======== Given data ========
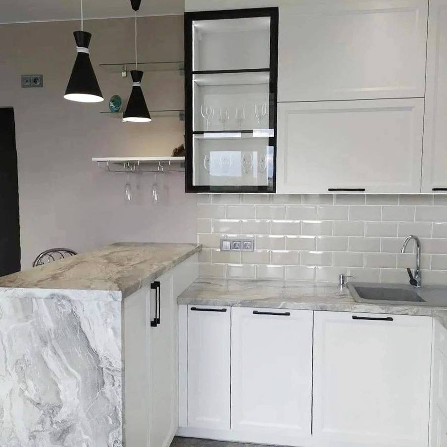 И витрина с чёрным профилем — изюминка этого гарнитура, с которой кухня выглядит ещё интереснее.
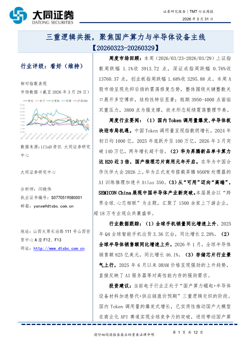 TMT行业研报:大同证券-TMT行业周报:三重逻辑共振,聚焦国产算力与半导体设备主线-260331
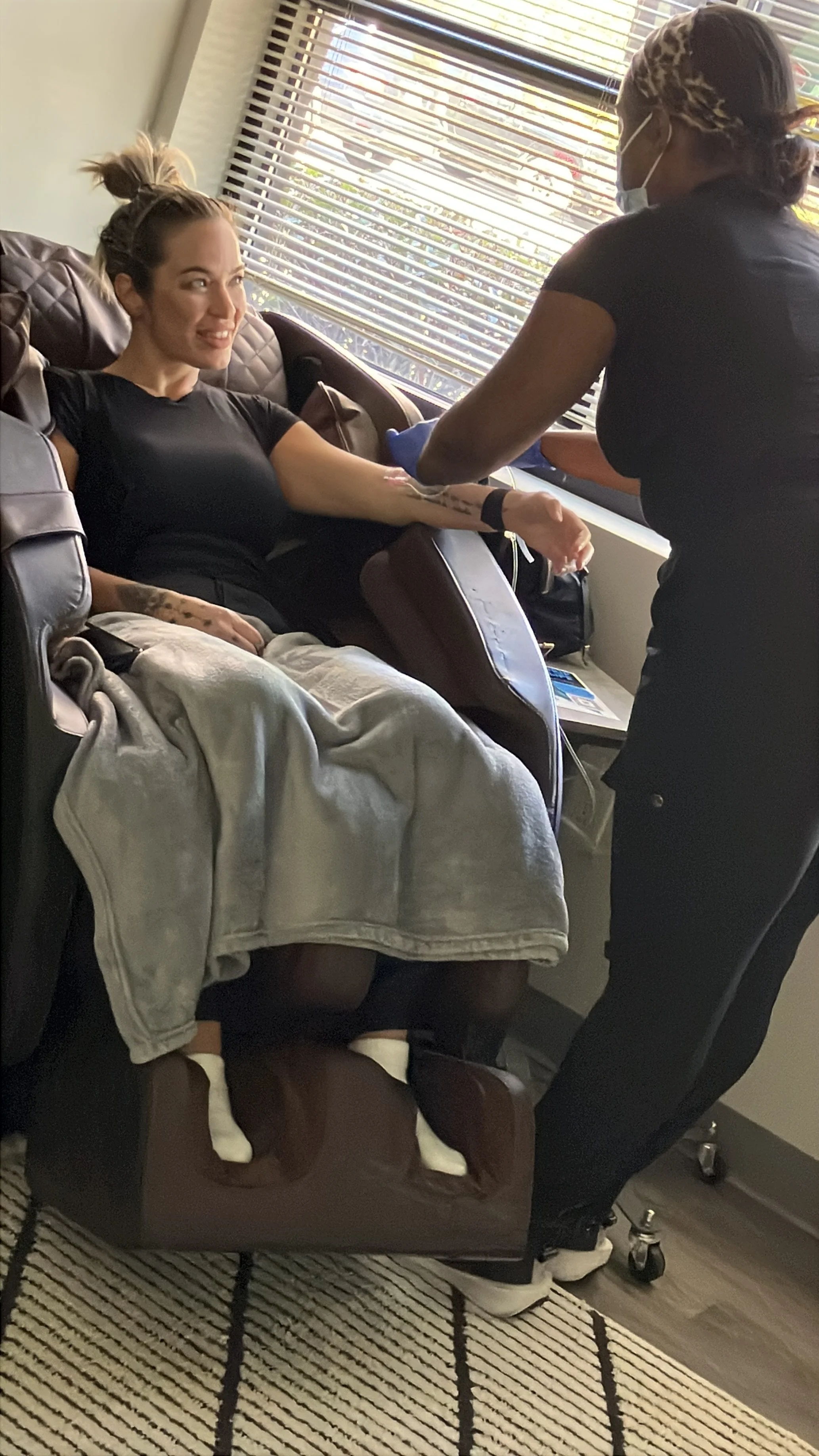 Our RNs are experienced emergency department nurses. They are experts at finding veins, and they love taking care of you. To give us the best chance for success, try drinking two glasses of water within thirty minutes of coming in. Sometimes we cannot get access a vein. If that’s the case, we would love to treat you to a healthy drink or feel free to request a B12 or Tri Immune shot instead.
========
Your objective:
Your copy should match the data exactly, apart from the images, which are dropped.

Expected answer:
 И витрина с чёрным профилем — изюминка этого гарнитура, с которой кухня выглядит ещё интереснее.
 TMT行业研报:大同证券-TMT行业周报:三重逻辑共振,聚焦国产算力与半导体设备主线-260331
 Our RNs are experienced emergency department nurses. They are experts at finding veins, and they love taking care of you. To give us the best chance for success, try drinking two glasses of water within thirty minutes of coming in. Sometimes we cannot get access a vein. If that’s the case, we would love to treat you to a healthy drink or feel free to request a B12 or Tri Immune shot instead.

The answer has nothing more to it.